Step 3 — Write the AGENTS.md Inventory Skeleton

Write or update ./AGENTS.md, following the AGENTS.md Section Ownership from storage-classify. The canonical section order is:

# <project name> · ## Architecture · ## Directory Map · ## Services · ## Data Assets · ## Recommended Tools · ## SQL Conventions · ## Knowledge

AGENTS.md is the project's KB entry point. Because the agentic runtime injects AGENTS.md's first ~200 lines into every node's <project_context>, this is the one place that reliably tells a downstream agent what exists and how to reach it.

You own and fill the inventory sections below — but write only the sections that have real content, in the canonical order:

# <project name> — one-line description (the inferred goal).
## Architecture — brief data flow / stack; ASCII diagram only if complex.
## Directory Map — main dirs only (Directory / Purpose / Key Entry Point).
## Services — configured datasources + any user-mentioned services.
## Data Assets — never enumerate every table. Summarize per database by domain + table count, naming 3-5 representative tables; note "Use list_tables / search_table to explore details at runtime."
## Recommended Tools — runtime tools per configured service type.
## SQL Conventions — if the project has a validated-SQL corpus, induce its recurring output conventions as a short bullet list (this rides in <project_context> and nudges downstream gen_sql toward the project's answer shape):
- Induce, do not hardcode.

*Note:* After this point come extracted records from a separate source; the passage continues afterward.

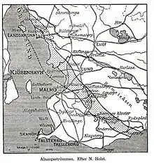 Alnarpsströmmen is a subterranean aquifer under the Swedish province of Scania. It has been used for wells since at least the 18th century and as a fresh water source for Malmö since 1901. Several other towns use it today.[1] Due to its artesian character, wells occasionally turn to fountains. About 400 litres of groundwater naturally flow into Öresund from Alnarpsströmmen every second through quaternary moraine.[2] The width of the aquifer is around 20 km, and the flow of the water is just 10 metres a year.[3]
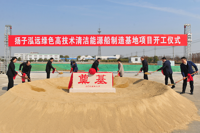 2月19日,揚子泓遠綠色高技術清潔能源船制造基地項目(以下簡稱“揚子泓遠項目”)舉行奠基儀式,正式開工建設。靖江市委副書記、市政府市長申強主持儀式并致辭,我集團董事長、總經理任樂天現(xiàn)場致辭。泰州市委書記姜冬冬宣布項目開工。泰州市委副書記、市長萬聞華,市委常委、常務副市長沈峻峰,市政府秘書長包亞,靖江市政府、人大、政協(xié)主要負責同志出席儀式,并為揚子泓遠綠色高技術清潔能源船制造基地項目培土奠基。
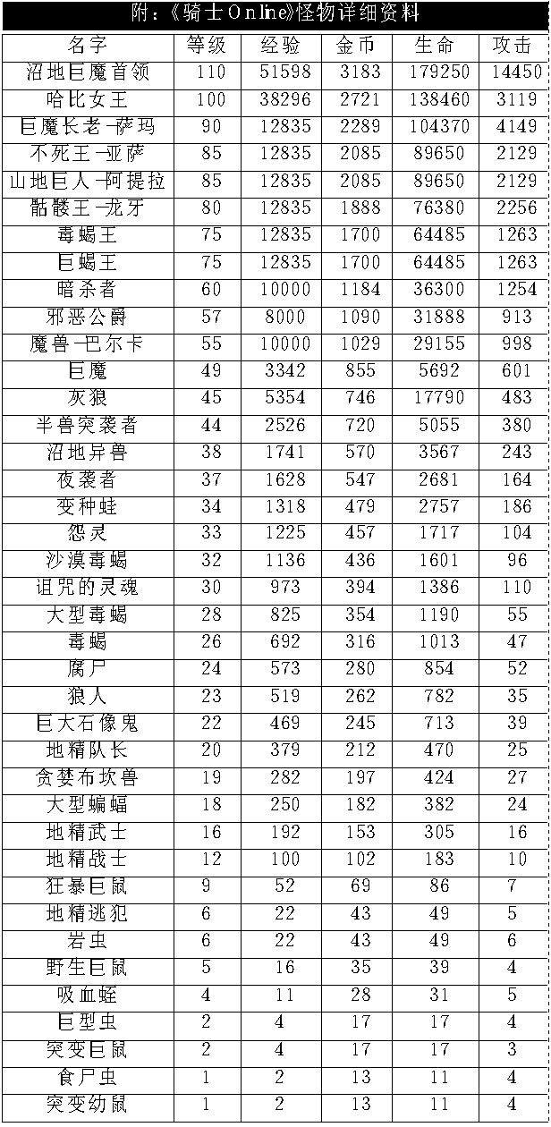 首先要说明的是,在《骑士Online》这款提倡合作的游戏里,组队升级是重要和必需的。我们没有必要再去详细说明哪个等级阶段需要在哪些地方练功升级,只是针对游戏中一些重要的技巧来进行研究。

Read a representative slice of the corpus; state only patterns you actually observe, phrased schema-free (no specific table/column/code names).
- Every rule carries its trigger phrasing — write each as "when the question says/asks ⟨observable phrasing⟩ → ⟨output shape⟩". A rule whose trigger you cannot state as question wording is not a rule — drop it.
- Counter-example scan before persisting — for each candidate rule, scan for pairs whose question matches the trigger but whose SQL differs; any counter-example means narrow or drop it.
- If the corpus is absent or too small to induce any convention, omit the ## SQL Conventions section entirely — do not write a placeholder.
## Knowledge — index of the ./knowledge/*.md files you wrote in Step 2. One bullet per file: - [<Domain>](knowledge/<slug>.md) — <one-line scope>. Write the scope line to convey unguessable specifics — name the kinds of concrete values inside (exact thresholds, literal filter codes, enum spellings, term→column mappings), not just the topic. If you wrote no knowledge files this run, omit the ## Knowledge section — do not write a placeholder.

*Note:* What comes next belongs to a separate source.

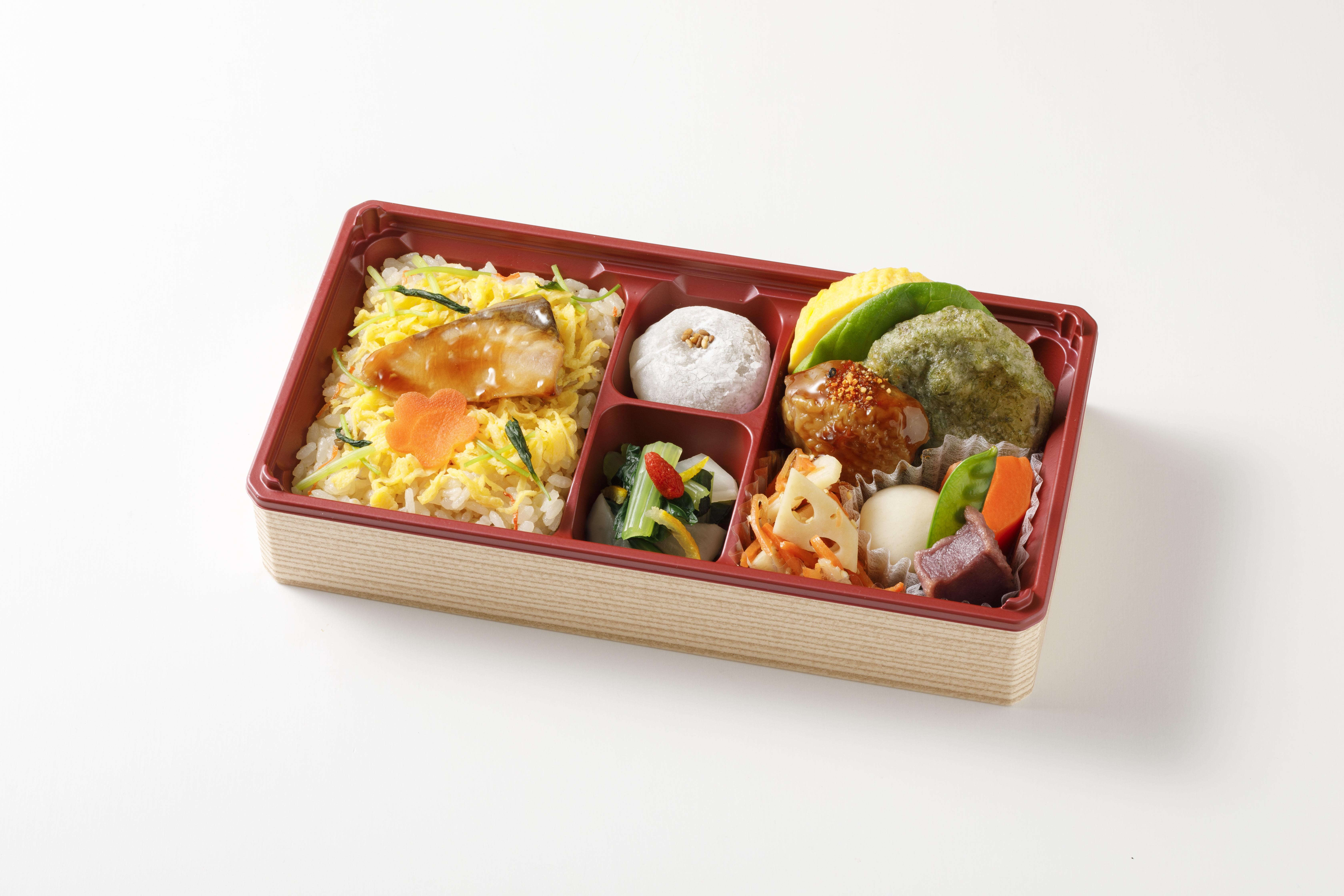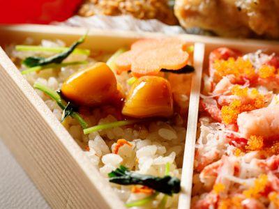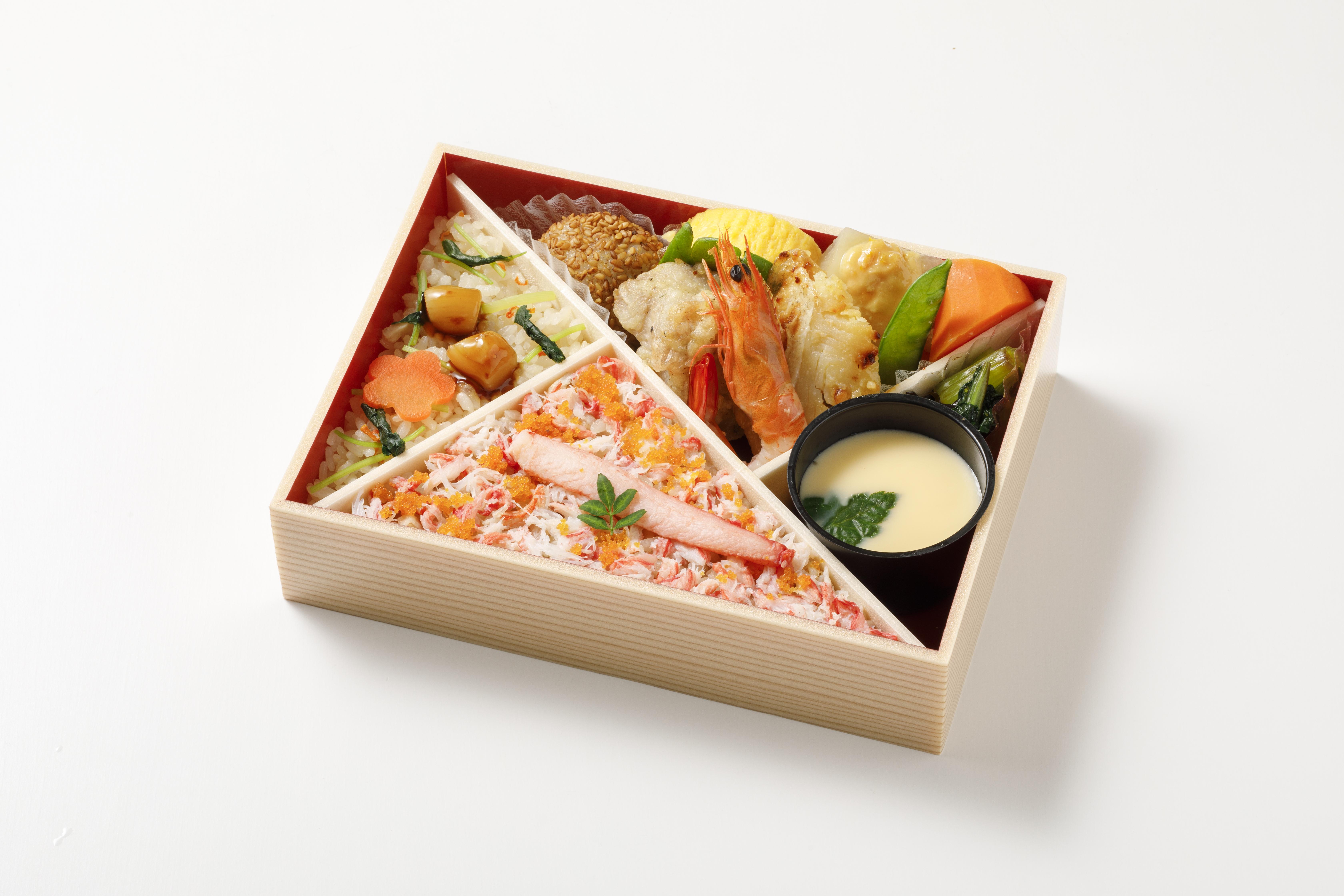 2種類の炊き込みご飯をメインに、冬の味覚を贅沢に楽しめるお弁当です。紅ずわいがにの旨みたっぷりのご飯や大根の柚子味噌かけ、のどごしなめらかな茶碗蒸しなど、上品な味わいに仕上げたお料理を盛り込みました。

Only write sections that have real content. The vector-index sections (## Semantic Models, ## Metrics, ## Reference SQL) are out of scope for this lightweight pass, so do not write them at all — neither the section header nor a "none yet" placeholder. Likewise omit any inventory section you have nothing concrete to put in. Never emit empty placeholder lines like _No metrics yet._.

Hard constraints:

AGENTS.md is a top-level overview, not a data dictionary. Target ≤ 200 lines.
If AGENTS.md already exists, prefer a scoped edit_file over a full rewrite, and ask via ask_user before overwriting an existing file wholesale (this is the only ask_user this skill may make). Never touch ## Knowledge entries you did not write this run.

Step 4 — Wrap Up

Close by telling the user what was written: the AGENTS.md inventory, any ./knowledge/*.md files, and any memory entries. Keep it to a short summary — do not propose follow-up actions.

Important Notes

Routing lives in storage-classify, not here. Knowledge vs memory vs AGENTS.md follows its decision tree (branches 1, 5, 6).
This is the lightweight pass — stay in scope. Do NOT call gen_semantic_model / gen_metrics / gen_sql_summary, do NOT fan out explore subagents, and do NOT emit a Generation Manifest — the vector-indexed stores are out of scope for this skill.
Use placeholder comments (e.g. ) when you cannot determine something rather than inventing facts.
Do not ask the user anything except before wholesale-overwriting an existing AGENTS.md. Goal, datasource scope, knowledge, and memory are all inferred and written directly.